A breath of fresh air in Norway

A breath of fresh air in Norway

Is a weekend of skiing too short? Karen Creed doesn’t think so as she heads north for a refreshing workout on the Olympic slopes.

A last-minute decision, and by Friday morning I was carving down the Hafjell mountain in Norway. Apart from cheap ski deals, and just a two hour flight direct from Dublin, the attractions of skiing in Norwary are crystal clear. When snow falls this far north, it stays. And with temperatures below freezing it won’t melt.

Seductive television images of the 1994 Winter Olympics in the pretty lakeside resort of Lillehammer have done wonders for promoting Norwegian ski resorts. Expect blue skies, snowcapped mountains, bracing cold weather, and majestic views. While some skiers will argue at least a week on the slopes is needed, I (on the lazier end of the scale) tend to disagree. Two days is ample time to wake up those ski muscles and get the adrenalin rush from plundering down a few slopes. You also come home without too many aches and pains, and less exhaustion.

Norway suits a weekend of skiing not only because of the short flight distance, but more so because of the quick transfer to the ski resorts.
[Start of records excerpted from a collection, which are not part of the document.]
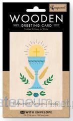 Karnet drewniany C6 Komunia kielich + koperta
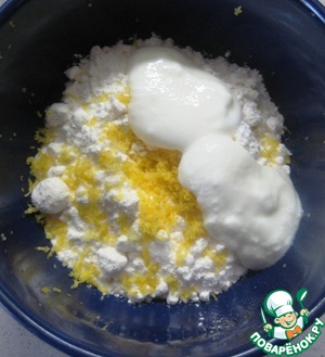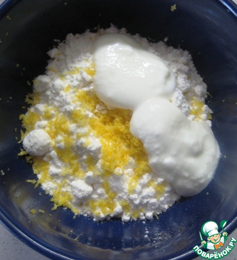 • Для глазури: тщательно смешиваем сахарную пудру, цедру из половины лимона и йогурт.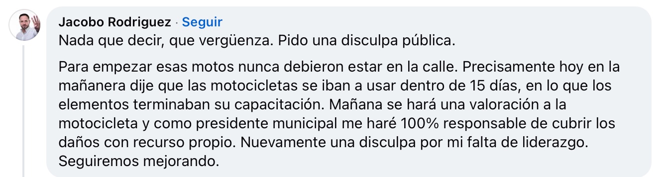 Luego de que se difundiera en redes sociales el video donde un elemento de la Policía Preventiva cae al intentar incorporarse a una rodada de motociclistas en la Gran Plaza durante el primer día de uso de nuevas unidades, el alcalde Jacobo Rodríguez reconoció públicamente su “falta de liderazgo” y ofreció una disculpa por lo ocurrido.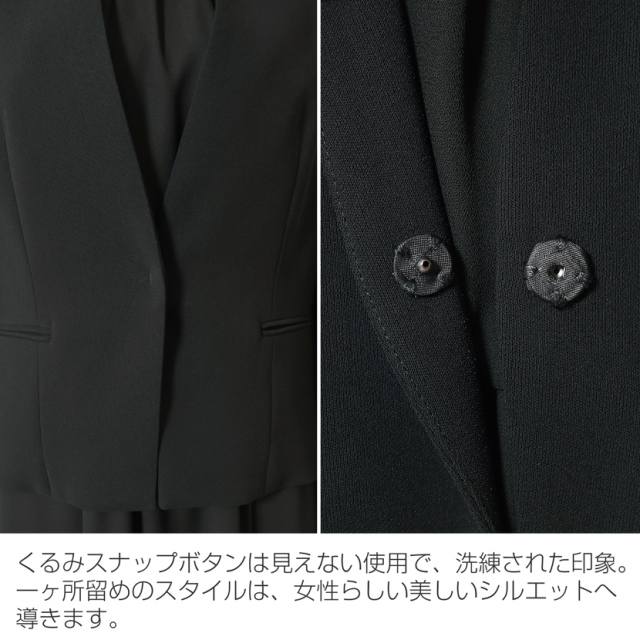 ブラックフォーマル専門店メアリーココで使用しているブラックフォーマル(喪服・礼服)の生地は丁寧に選ばれた美しい、ワンランク上の黒。周りに劣らない深い黒と自慢の立体縫製が奏でる美シルエットに自信があります。ジャケットは、シルクウール調素材を目指した帝国フロンティアのラチェット原糸を使用しています。高級感のある適度な反発性と優れた発色性。見た目の高級感と機能性がフォーマルスタイルを格上げしてくれる生地です。ワンピースは、強撚糸を使用したジョーゼット素材を使用しています。シワになりにくく、さりげないシアー感と軽やかな生地でありながら、マットな質感で落ち着きがあるのも魅力的です。ブラックフォーマル(喪服・礼服)専用生地。ぜひ手に取り、品質をご確認ください。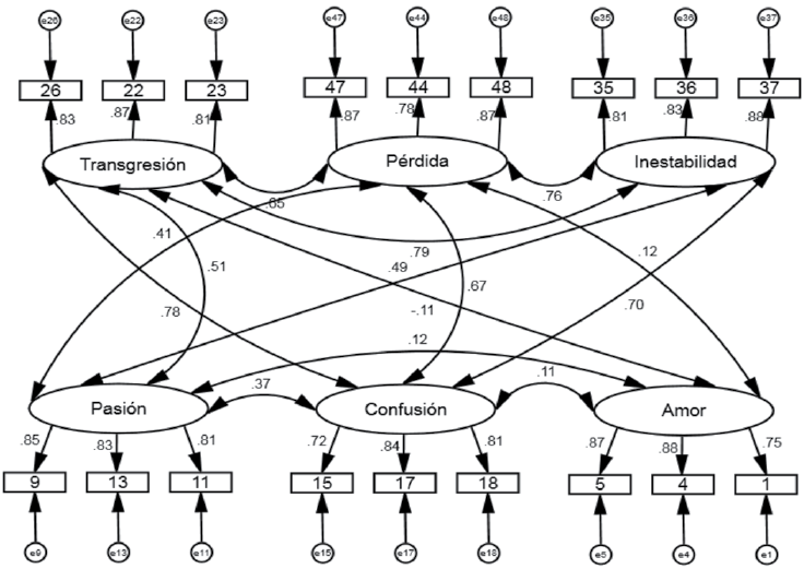 Figura 1 Modelo factorial confirmatorio de la versión corta de la Escala de Concepto de Infidelidad de seis factores relacionados. Estimaciones de los parámetros de máxima verosimilitud. El número colocado en los reactivos, corresponde al de la escala original

Lillehammer is one of the most appealing, because of its Olympic status and its proximity to the powdery slopes. The small picturesque town has avoided becoming a typical tourist trap, maintaining its traditional wooden lodges while also boasting a compact shopping and aprés ski scene. Along its high street, the wooden buildings from the last century have been renovated into stylish boutiques and ski equipment stores.

Just ten minutes out of town is Hafjell, where the slalom and giant slalom events were held. As well as the fast and thrilling descents you would expect, there are gentle and scenic runs through the forest. All the ski runs converge at the base, making the area ideal for mixed-ability groups. And because the snow has a low moisture content, it doesn’t freeze, so there are no horrible groomed pistes to rattle over. There’s also a new high-speed gondola and extensive floodlit skiing three nights a week. Resorts like Hafjell typically open in November – some as early as late October – and the snow remains light, powdery and deep until early May.

At Hafjell, there are also two dedicated children’s ski areas, with a snow-and-ski-park and a crèche for two to seven year olds. There is also a great ski school, with five levels of ski school from Troll Club (ages four to six) to Hafjellclub (16 plus) and English-speaking instructors. The perk of family ski in this resort is that children under eight receive free lift passes throughout the resort if they wear a helmet (also free).

Apart from a daily sauna in the hotel, the fantastic food and wine helps to ease the sore muscles that the first skiing days generate. Restaurant Salz and Berg is distinctive to Scandinavian homes of the 19th century, and does incredibly satisfying pasta dishes to fill you up after a workout on the slopes. Nightlife in Norway isn’t cheap but service and décor are excellent. Lillehammer’s Knicker bar is one of the liveliest, while the barrel-vaulted room of Bryggeriet Kjeller is also a big attraction. For an aerial view of the city, have a cocktail in Toppen bar. Alcohol is expensive, but as Norway is not part of the EU, you can buy duty free to get warmed up before hitting the town.

Ski or not, being in the mountains is exciting in itself. You can also try the Olympic bobsleigh run with a trained driver, tobogganing on the old Freestyle course from the Olympics and night dogsledding. If you climb the giddying ski jump tower, you will be rewarded with stunning views over the valley. New this season is the world’s most southerly ice hotel in the Winter Park as well as the spectacular ice cathedral and theatre. There is even a British pub which serves beer at cheaper prices than everywhere else nearby.

The natural beauty of Norway is enough of a draw for many people but what else does the Scandinavian country have to entice visitors? Transfers are quick and easy – direct trains north from Oslo are every hour or two. And you can pre-book your ski pass and equipment. After a second day of skiing, I was back on the train to the airport and had landed at Dublin Airport on Sunday by 6pm. Not bad for a spur-of-the-moment weekend.


Ski hire/passes available in Lillehammer (www.lillehammerturist.no) and Hafjell (www.hafjellhunderfossen.no).